Tax Evasion, Corruption and the Distortion of Justice

Lorenzo Pasculli (Editor), Costantino Grasso (Editor), Diane Ring (Editor), Brandon Garrett (Editor)

Research output: Contribution to journalSpecial issuepeer-review


1.1. Introduction

Recent scandals such as FinCEN Files (2020), the Paradise Papers (2017), the Panama Papers (2016), SwissLeaks (2015), and LuxLeaks (2014) suggest the existence of a profound interconnection between corrupt practices and tax evasion, as well as some forms of aggressive tax avoidance. In the last two decades, research has made considerable progress in advancing our understanding of the interconnections between different forms of financial crimes. However, except for some limited literature, the relationship between tax crimes and corruption is largely understudied and prompts many unanswered questions. Such issues encompass not only conceptualization and definitional efforts but also include the exploration of how the combination of these two criminal phenomena interferes with the activities of public and private institutions and affects society, generating a distortion of justice.
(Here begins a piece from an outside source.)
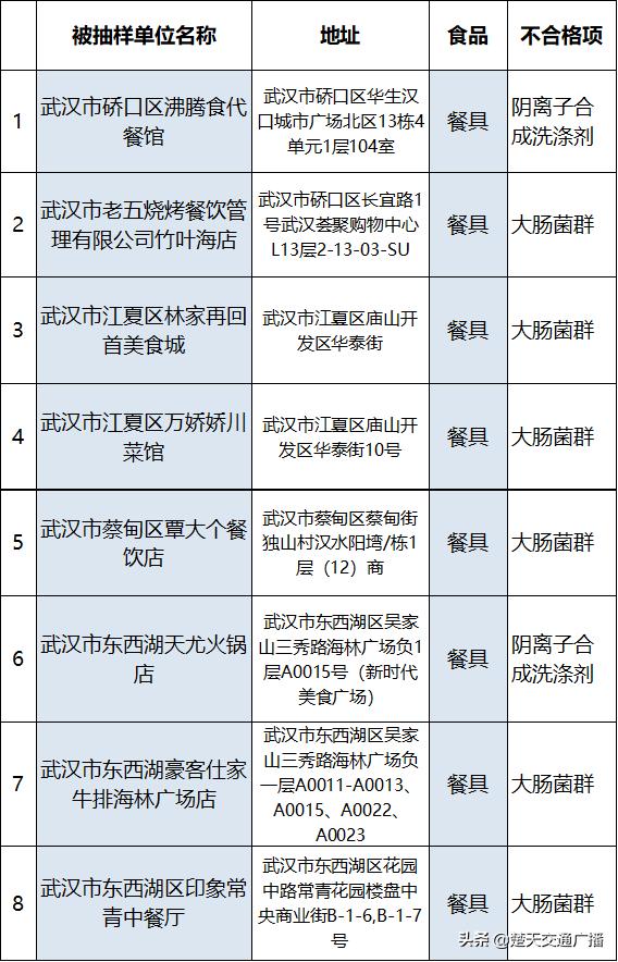 本次主要抽检了武汉市内多个餐饮单位的餐饮具,合计158批次,抽检项目包括大肠菌群、游离性余氯、阴离子合成洗涤剂等指标。共检出不合格餐具12批次,涉及印象常青中餐厅等8家餐厅。

We propose a Symposium edition (paper only) of Law and Contemporary Problems (L&CP), which aims at exploring such intimate interconnections and addressing the identified gaps in the contemporary literature. The relationships between tax crimes and corruption have complex social, economic, political, and legal origins and implications. In analyzing how these criminal phenomena adversely affect society, the Symposium will adopt a broad conception of justice, based on John Rawls’ idea of fairness in liberal societies. Reflective of the complexity of the matter, the proposed Symposium will not approach the research questions simply from the perspective of various interpretations and lenses of legality (e.g., criminal law, criminal justice, tax law, business law), but will adopt a multidisciplinary approach relying on the contribution of experts with different backgrounds and expertise in order to more comprehensively encapsulate and contextualize these dynamic and far-ranging issues. Through the integration of the legal perspectives with the socio-economic, criminological, ethical, and political ones, the study will generate innovative research findings and stimulate further discussion on such critical issues. Even where focused on a specific jurisdiction, the findings of the articles will be relevant within a global context, given the identified concerns, interdependencies, and responsive approaches bear on universal themes.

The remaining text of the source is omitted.